Stick Partition into Triangles

She is given a wooden stick of length \(m\) and wishes to have it divided into \(n\) small sticks such that:

• Each small stick has a positive integer length; and
• Any three of the small sticks can form a triangle when connected end‐to‐end (i.e. they satisfy the triangle inequality).

Recall that three positive lengths \(a\), \(b\), \(c\) (arranged in non-decreasing order \(a \le b \le c\)) can form a triangle if and only if \(a+b>c\).

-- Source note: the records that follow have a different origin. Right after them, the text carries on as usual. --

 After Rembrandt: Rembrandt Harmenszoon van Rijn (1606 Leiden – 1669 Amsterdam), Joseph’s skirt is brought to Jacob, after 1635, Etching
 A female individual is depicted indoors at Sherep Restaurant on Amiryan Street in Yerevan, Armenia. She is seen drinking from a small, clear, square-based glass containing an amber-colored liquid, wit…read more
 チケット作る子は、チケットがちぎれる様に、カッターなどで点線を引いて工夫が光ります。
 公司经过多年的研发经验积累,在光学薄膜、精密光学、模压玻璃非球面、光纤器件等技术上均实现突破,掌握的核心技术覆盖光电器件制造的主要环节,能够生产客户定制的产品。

Your task is to determine whether such a partition is possible.

Additional observations:

• For \(n=3\), the only triple is the entire partition and the triangle condition reduces to choosing three positive integers summing to \(m\) with the largest less than the sum of the other two. It turns out that one valid construction is often possible except for the case \(m=4\) (since the only partition is \(1,1,2\) which does not form a triangle).
• For \(n \ge 4\), if any two sticks are very small then they might cause a violation when paired with a larger stick. In fact, one can prove that a necessary and sufficient condition in this case is that all the small sticks are equal. Thus, for \(n\ge4\) a valid partition exists if and only if \(m\) is divisible by \(n\) (and of course \(m\ge n\)).

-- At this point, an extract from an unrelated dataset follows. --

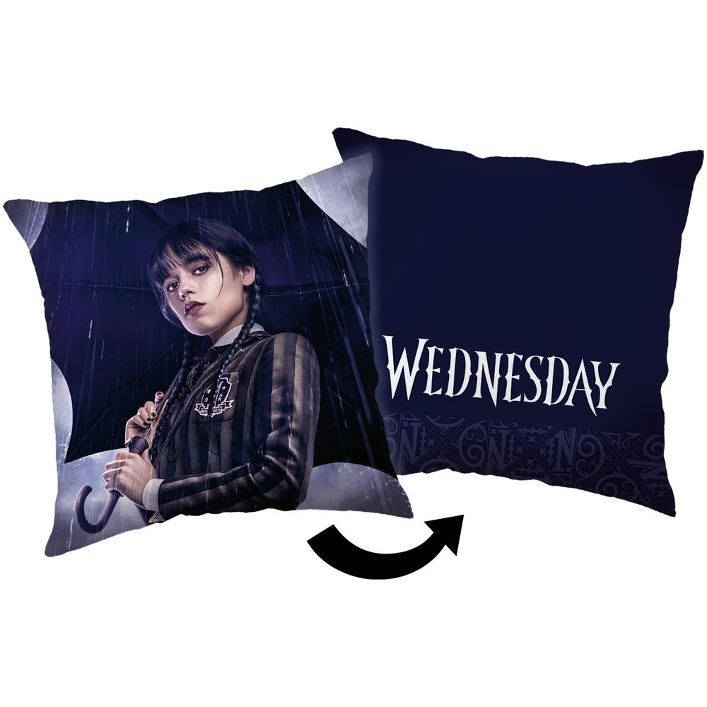 Bársony párnahuzat Wednesday motívummal. Mindegyik oldalon más-más kép látható.

Input Note: You may assume that \(m\) and \(n\) are such that \(m\ge n\) and \(n\ge3\) in the test cases.

inputFormat

The input consists of a single line containing two integers \(m\) and \(n\) separated by a space.

\(m\) denotes the length of the stick and \(n\) the number of parts to split into.

outputFormat

Output a single line containing the string YES if it is possible to partition the stick meeting the above conditions, and NO otherwise.

sample

3 3

YES